Exercise prompt. Copy out again, unchanged, the listing below from the line that has "本日、朝起きて、白砂漠で奇岩" through the line that has "sitt brett ølbokser.".

Extracted entries.
▼▼▼

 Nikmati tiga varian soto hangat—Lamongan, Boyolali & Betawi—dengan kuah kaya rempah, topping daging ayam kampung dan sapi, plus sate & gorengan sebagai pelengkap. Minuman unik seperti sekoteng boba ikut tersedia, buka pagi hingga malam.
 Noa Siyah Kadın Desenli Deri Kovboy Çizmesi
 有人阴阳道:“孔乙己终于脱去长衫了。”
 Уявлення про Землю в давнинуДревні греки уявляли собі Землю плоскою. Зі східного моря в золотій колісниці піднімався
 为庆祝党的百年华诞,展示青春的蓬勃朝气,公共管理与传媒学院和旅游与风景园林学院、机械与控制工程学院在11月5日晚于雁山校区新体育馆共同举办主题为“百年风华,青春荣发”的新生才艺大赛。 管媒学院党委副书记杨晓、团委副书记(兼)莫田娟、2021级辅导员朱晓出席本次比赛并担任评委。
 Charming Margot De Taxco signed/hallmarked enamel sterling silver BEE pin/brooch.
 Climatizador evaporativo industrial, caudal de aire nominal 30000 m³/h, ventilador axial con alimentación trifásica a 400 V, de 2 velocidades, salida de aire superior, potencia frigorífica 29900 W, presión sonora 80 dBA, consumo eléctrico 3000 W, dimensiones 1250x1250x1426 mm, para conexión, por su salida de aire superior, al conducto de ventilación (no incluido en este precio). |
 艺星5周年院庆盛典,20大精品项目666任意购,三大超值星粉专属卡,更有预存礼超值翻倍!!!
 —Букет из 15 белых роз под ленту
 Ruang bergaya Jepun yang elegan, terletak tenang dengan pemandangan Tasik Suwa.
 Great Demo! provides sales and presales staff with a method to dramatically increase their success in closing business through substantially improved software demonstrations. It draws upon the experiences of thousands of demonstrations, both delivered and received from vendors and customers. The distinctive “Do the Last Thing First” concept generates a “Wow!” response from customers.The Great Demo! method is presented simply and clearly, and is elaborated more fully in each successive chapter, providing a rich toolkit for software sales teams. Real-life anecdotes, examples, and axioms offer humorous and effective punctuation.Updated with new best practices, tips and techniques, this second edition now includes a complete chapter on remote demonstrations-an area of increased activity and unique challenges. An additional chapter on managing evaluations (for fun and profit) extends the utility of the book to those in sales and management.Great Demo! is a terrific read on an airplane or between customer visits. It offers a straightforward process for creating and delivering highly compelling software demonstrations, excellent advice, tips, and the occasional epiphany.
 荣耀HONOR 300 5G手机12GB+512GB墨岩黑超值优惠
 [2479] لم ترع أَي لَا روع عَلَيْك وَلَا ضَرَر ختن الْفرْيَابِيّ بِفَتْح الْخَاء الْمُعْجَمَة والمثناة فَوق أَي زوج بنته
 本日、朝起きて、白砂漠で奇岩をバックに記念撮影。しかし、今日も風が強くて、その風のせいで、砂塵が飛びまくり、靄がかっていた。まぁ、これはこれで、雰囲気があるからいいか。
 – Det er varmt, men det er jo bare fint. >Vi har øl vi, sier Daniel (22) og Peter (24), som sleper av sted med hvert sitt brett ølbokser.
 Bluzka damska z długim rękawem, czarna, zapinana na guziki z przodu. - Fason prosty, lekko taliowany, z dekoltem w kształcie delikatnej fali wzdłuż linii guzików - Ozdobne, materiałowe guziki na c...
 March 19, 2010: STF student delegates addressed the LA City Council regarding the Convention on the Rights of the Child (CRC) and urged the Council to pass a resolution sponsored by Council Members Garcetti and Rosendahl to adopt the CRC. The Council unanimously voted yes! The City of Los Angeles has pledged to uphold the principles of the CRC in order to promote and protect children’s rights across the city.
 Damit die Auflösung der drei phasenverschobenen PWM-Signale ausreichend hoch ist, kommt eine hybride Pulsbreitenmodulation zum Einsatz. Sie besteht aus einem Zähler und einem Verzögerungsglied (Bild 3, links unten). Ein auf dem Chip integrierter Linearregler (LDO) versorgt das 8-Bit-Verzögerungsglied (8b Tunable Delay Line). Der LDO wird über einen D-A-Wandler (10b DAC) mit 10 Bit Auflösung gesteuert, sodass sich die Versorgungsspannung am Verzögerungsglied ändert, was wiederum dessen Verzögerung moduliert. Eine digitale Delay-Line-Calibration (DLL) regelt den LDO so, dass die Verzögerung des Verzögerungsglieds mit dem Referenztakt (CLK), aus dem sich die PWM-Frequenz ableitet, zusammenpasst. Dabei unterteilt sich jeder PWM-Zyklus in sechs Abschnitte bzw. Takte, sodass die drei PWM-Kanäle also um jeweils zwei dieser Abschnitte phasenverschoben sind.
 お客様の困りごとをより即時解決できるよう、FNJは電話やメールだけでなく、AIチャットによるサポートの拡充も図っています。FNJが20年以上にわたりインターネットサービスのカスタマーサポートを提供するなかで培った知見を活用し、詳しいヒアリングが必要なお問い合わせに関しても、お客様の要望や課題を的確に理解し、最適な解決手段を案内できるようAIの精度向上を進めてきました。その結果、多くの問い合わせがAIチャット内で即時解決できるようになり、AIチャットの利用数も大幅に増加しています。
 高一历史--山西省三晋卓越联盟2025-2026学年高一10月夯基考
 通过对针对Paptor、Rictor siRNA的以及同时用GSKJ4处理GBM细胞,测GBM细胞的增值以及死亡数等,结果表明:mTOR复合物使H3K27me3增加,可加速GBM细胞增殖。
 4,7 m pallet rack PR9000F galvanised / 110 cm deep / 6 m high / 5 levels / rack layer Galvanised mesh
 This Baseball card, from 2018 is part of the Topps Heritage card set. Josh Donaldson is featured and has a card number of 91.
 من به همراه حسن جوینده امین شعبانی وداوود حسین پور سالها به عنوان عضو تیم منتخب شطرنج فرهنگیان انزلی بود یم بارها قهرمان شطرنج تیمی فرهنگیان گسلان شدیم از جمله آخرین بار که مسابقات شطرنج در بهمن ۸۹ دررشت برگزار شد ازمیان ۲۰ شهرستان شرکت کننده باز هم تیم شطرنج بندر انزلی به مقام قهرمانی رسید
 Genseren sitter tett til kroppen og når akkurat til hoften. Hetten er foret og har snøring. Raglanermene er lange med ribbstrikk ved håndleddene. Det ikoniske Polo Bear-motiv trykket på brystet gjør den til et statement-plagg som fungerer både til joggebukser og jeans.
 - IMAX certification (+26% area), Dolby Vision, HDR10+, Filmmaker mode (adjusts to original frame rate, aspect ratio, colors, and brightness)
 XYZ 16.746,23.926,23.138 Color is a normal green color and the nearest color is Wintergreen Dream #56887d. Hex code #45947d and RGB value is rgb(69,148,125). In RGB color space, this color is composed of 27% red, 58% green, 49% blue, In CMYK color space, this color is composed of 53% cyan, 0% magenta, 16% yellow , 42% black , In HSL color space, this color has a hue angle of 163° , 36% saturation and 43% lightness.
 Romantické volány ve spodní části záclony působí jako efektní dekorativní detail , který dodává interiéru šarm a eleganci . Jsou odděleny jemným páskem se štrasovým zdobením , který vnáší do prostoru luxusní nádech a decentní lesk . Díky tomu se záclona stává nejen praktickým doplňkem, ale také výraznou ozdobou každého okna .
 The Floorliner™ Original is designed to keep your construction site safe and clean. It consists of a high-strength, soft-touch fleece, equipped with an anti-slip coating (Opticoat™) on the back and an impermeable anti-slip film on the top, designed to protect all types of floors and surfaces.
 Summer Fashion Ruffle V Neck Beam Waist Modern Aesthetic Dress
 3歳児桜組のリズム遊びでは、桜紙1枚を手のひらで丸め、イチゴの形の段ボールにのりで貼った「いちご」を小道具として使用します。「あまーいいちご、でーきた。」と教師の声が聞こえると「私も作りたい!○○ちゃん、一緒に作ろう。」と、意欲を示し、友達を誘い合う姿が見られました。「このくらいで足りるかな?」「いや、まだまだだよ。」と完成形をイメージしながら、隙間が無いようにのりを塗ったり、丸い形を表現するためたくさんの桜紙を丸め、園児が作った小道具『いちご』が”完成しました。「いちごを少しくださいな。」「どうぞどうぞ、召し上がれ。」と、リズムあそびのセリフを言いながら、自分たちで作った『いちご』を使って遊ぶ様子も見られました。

▲▲▲

Solution to the problem.
 本日、朝起きて、白砂漠で奇岩をバックに記念撮影。しかし、今日も風が強くて、その風のせいで、砂塵が飛びまくり、靄がかっていた。まぁ、これはこれで、雰囲気があるからいいか。
 – Det er varmt, men det er jo bare fint. >Vi har øl vi, sier Daniel (22) og Peter (24), som sleper av sted med hvert sitt brett ølbokser.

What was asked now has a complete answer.